- Edit (TBD)
Description
This route utilizes the first 1.5 pitches of the normal Great Bowl route, before diverging to the right over a steep slab crux that places you on a trajectory toward a topout at a large Pinon Pine with a full pitch of low-angle, uncracked, granite below it.
P1 (45m, 5.6): After a bunch of scrambling to get below it, climb a wide, laybackish feature near the right edge of the Great Bowl. This could be sewed up with some #5s, but a #4 among smaller are accepted at various points. Eventually, veer left on a walkable ramp toward a belay station with two old pitons that can be backed up.
P2 (~60m, 5.8R): Climb up to the center of the roof above, clipping a high left piton, and then grabbing the scary-looking but solid flake feature and mantling up the roof. Beyond the roof 20-30ft, the route diverges from the Great Bowl route, heading right up steep slab instead of left toward the Ingraham Dihedral. The crux of this would be easier for a tall person who could reach up and grab a critical chickenhead to surpass some steep slab. I placed blue and yellow ball nuts (bomber) in the thin crack just below this to work up the courage. Work right after this toward a large flake/crack system where an anchor can be built.

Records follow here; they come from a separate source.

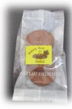
ココアクッキー (3枚) 100円
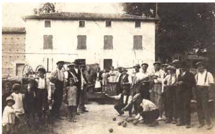
Les Marennois, en 1931, devant l'ancienne maison des associations, nous donnent l'exemple. Profitez de bons moments conviviaux pendant l'été !

Souhaiteriez-vous avoir une halte paisible dans votre commune pour continuer de tisser des liens dans une ambiance conviviale ? Pour vous ou pour vos parents âgés ? Pour tout renseignement, nous vous invitons à prendre contact avec la mairie.
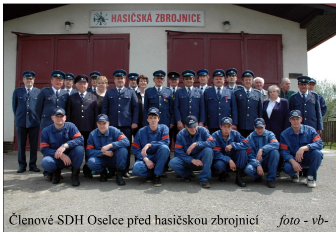
Členové SDH Oseltice před hasičskou zbrojnicí

P3 (15m, 5.5): Climb up to a comfy ledge with a tree that can be slung for an anchor.
P4 (45m, 5.5): Identify a large pinion pine above and slightly left, and head for for it. Build an anchor in a left-facing crack below a featureless slab above.
P5 (55m, 5.5R): Ascend the blank slab below the large pine. I placed a single token nut about 3/4 of the way up the slab, where there is a small ledge.
Scramble from the large Pinon Pine upward and right, then join the normal walkoff back to Bivy Boulder.
Location
East Slabs approach to the start of the Great Bowl route.
Protection
A wide range of gear can be placed, from ball nuts to #4 Camalot. Bring plenty of slings to extend everything. Parts of the route are solid R though, especially P5.